Wages aren't even growing, let alone at a record rate
The standards of modern journalism:
Wages in the United Kingdom grew 7.8% in the three months to June, the fastest annual rate since records began, the Office for National Statistics said Tuesday.
“Coupled with lower inflation, this means the position on people’s real pay is recovering,” said ONS director of economic statistics Darren Morgan.
UK consumer prices rose 7.9% in June compared with June 2022.
Sigh. If wages are rising slower than inflation then real wages are falling, not growing at all. Given that we have had real wage rises within living memory this also isn’t the fastest wages have grown since records began, either.

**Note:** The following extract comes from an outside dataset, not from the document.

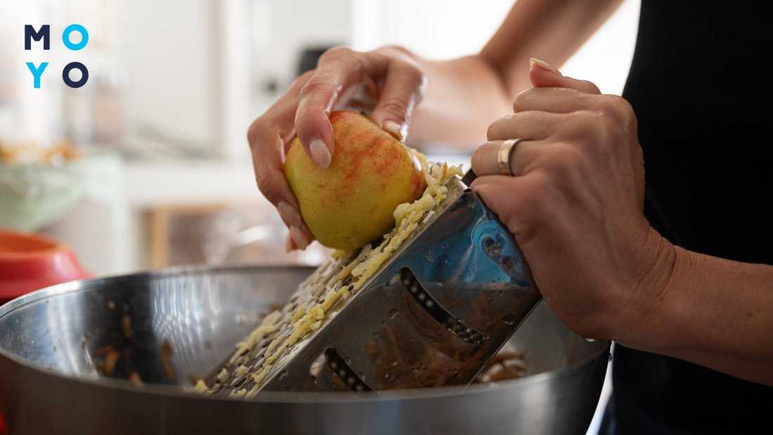 Проще всего получить яблочный фреш — натереть фрукты на терке и отжать смесь. Только нужны именно сочные твердые сорта. Иначе потрачено время зря, потому что возни много, а сока мало. Каждое яблоко нужно осмотреть и очистить ножом от червоточин и гнилья. Натирать на мелкой терке, так будет больше сока. Ход работы интуитивно понятный: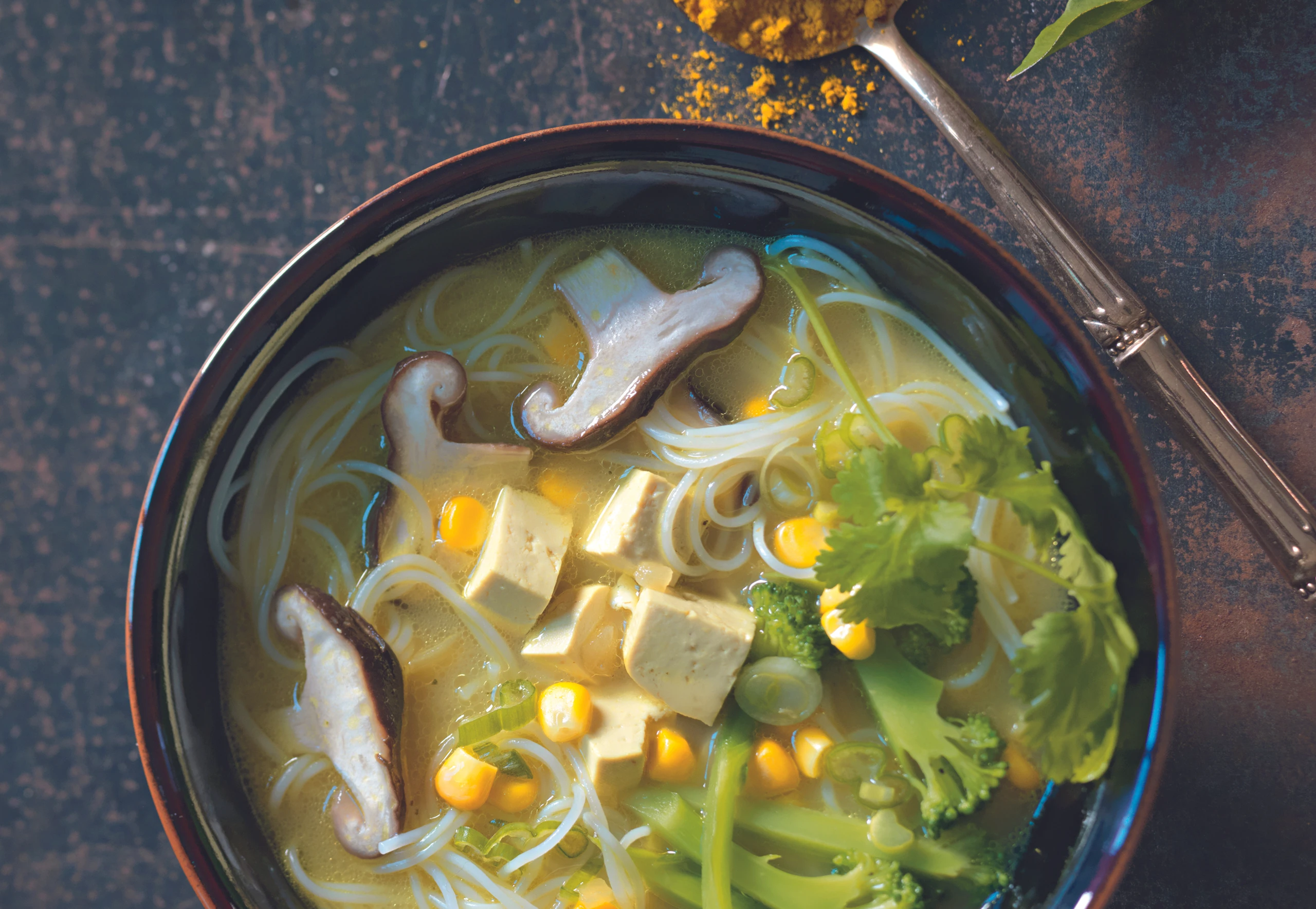 Pilze, Brokkoli, Mais und Tofu unterrühren. Suppe ca. 5 Minuten köcheln, mit Limettensaft und Salz abschmecken.

As to why wages aren’t growing as we’d hope and expect them to this is not, sadly, some aberration of macroeconomics and the fiscal stance. Instead it’s because the country is beclowned with people insisting that they’re creating jobs. With solar and boilers and wind mills and low traffic zones and ULEZs and all the rest.
All of these things - and many more - could be good things to do. We don’t think so but that’s us not some insistence of the universe. What is absolutely true though is that the benefits of these things, even by the definitions of those promoting them, are not in hard cash numbers. They’re in things we do not include in GDP, they’re about externalities to market prices and processes.
OK, but that means that the benefits of them do not arrive in wages, one of those hard cash numbers which are market prices. We’re deliberately spending our wealth and effort on things which even if they have benefits do not, by definition, benefit real wages. Because, by definition again, those externalities are not things that we spend our wages upon. Then people wonder why wages aren’t rising.
It’s not just journalism that gets wages wrong. Sadly, it’s the entire body politic. Everyone shouting that solar provides more jobs than nuclear - something which is both true and which many people do say - and therefore we must have more solar is pushing down labour productivity and thus all the wages in the entire country. That’s just the way reality works.